Local LLM Setup
Prerequisites
You should already have docker installed.
Install ollama
Ollama has installers for macOS, linux, and windows: https://ollama.com/.
Find your installer and install it. When I installed it on my Mac it defaulted to run on startup. I disabled that later, but that means I need to run ollama serve
before I start up any LLM work.
Open a terminal and enter ollama -v
. If you get an error, run ollama serve
then open a new terminal and enter ollama -v
.
Scan through the ollama library of LLMs. https://ollama.com/library. As of this post, 3.3 just came out and 3.2 is the best for local chat. Or you might take a look at qwen-coder for writing code. In order to download these models, run ollama pull <model-name>
. If you don’t pull any models then you won’t have any in open-webui.

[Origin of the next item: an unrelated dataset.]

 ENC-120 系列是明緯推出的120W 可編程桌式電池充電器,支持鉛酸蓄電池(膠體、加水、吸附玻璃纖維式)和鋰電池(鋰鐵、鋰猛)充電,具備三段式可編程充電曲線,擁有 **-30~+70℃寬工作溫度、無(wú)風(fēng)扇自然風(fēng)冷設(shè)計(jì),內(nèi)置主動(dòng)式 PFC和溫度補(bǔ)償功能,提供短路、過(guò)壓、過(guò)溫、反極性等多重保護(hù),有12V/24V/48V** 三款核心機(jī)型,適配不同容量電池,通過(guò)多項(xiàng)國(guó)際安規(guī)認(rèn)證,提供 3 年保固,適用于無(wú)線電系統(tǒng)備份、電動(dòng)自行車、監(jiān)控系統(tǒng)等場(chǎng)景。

Additional info on ollama commands in the ollama repo README here, https://github.com/ollama/ollama.
Install open-webui
Running open-webui is a matter of pulling and starting a docker container with a volume to persist local data. You don’t have to understand how it works as long as you’re running ollama locally and you paste in the following command. When the container is running, open localhost:3000
in your browser. Your first time you sign in, it will prompt you for a login. The first person to login is by default the Admin. I haven’t had to enter it a second time. While it may be just another hoop for personal use, it is an important step if you plan on hosting your llm and sharing it with multiple users.
- Open your terminal and run the following docker command.

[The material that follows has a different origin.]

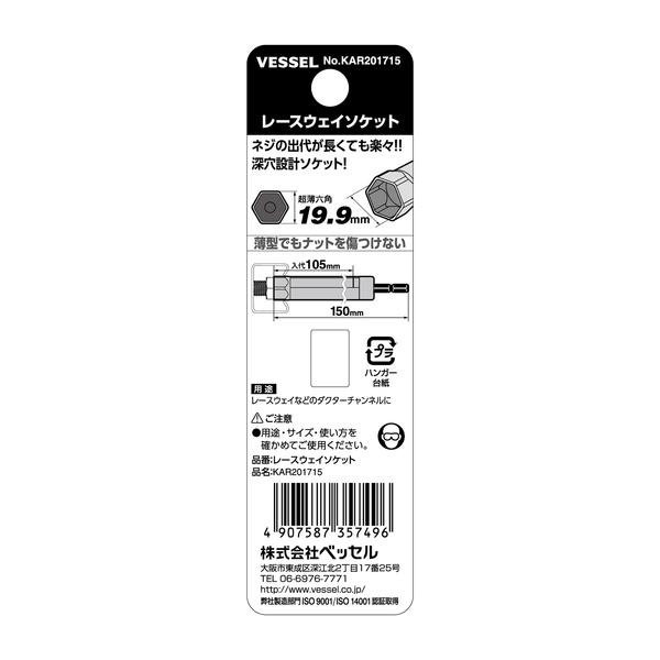 ベッセルメーカーお問い合わせ:0120-999-914【商品説明】●薄型六角で、チャンネル枠に引っかかりにくい。●ナットの六角を傷つけないソケット形状。●ネジの出代が長くても安心、深穴設計。●18Vインパクト対応軸折れに強い、軸圧入式。【用途】●レースウェイ(ダクターチャンネル)のナット取り付け・取りはずし●対辺17mm●深型チャンネル用入代105mm●外側対辺19.9mm●全長150mm●ソケット部:SCM鋼パイプ材

docker run -d -p 3000:8080 --add-host=host.docker.internal:host-gateway -v open-webui:/app/backend/data --name open-webui --restart always ghcr.io/open-webui/open-webui:main
- Open your browser to
localhost:3000
. - Enter a username and password, this is an admin user setup that you only need to do once.
For advanced users, I’m referencing Quick Start with Docker from the open-webui repo, https://github.com/open-webui/open-webui. The repo README has what you need to dive into the weeds.
Setup a RAG Model
RAG (Retrieval-Augmented Generation) is the idea of giving an LLM access to a collection of documents. Do you have a stack of pdf files for a particular tool? Some home appliances? Give them to an LLM and you can now chat with your documents.

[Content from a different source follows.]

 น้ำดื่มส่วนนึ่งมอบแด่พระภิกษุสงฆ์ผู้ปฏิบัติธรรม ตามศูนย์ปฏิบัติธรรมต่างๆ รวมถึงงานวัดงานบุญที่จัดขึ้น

Open open-webui and get started:
- In open-webui, click on
Workspace
. - Click on the
Knowledge
Tab. - Click on the
+
to Create a knowledge base.- Enter a name and description for your knowledge base. This can be one or many documents.
- Visibility doesn’t matter if you’re running it locally.
- Click
Create Knowledge
.
- Still in Workspace, click on the
Models
Tab. - Click on the
+
to create a new Model.- Enter a name and description for your model. This model will combine of one of the ollama models you pulled with your Knowledge Base.
- Choose a Base Model. Options for base model are the models that you have already pulled using ollama.
- Don’t forget to enter a System Prompt that tells the model what its job is and how it should interact with you in your chats.
- Click
Select Knowledge
and add your collection. - Click
Save & Update
.
Open WebUI has citations support which is a really important feature in LLMs. We need to be able to see where it got its answers in order to determine how true it is. Never trust an LLM blindly. The default settings for our RAG setup will tell you where the answers were found in your PDFs.
Open WebUI docs on RAG: https://docs.openwebui.com/features/rag/
What next?
I’m still experimenting with RAG, but I’m excited about the potential to plug-in unstructured data that I can “chat with.” One improvement that I’m considering is to preprocess my PDFs before giving them to the RAG. The model can do pretty well with most PDFs, but you can make the model’s job easier if you can extract the text from the PDF and remove any unnecessary or complex formatting that might otherwise cause the model to choke. Maybe I won’t even use PDFs, but markdown instead.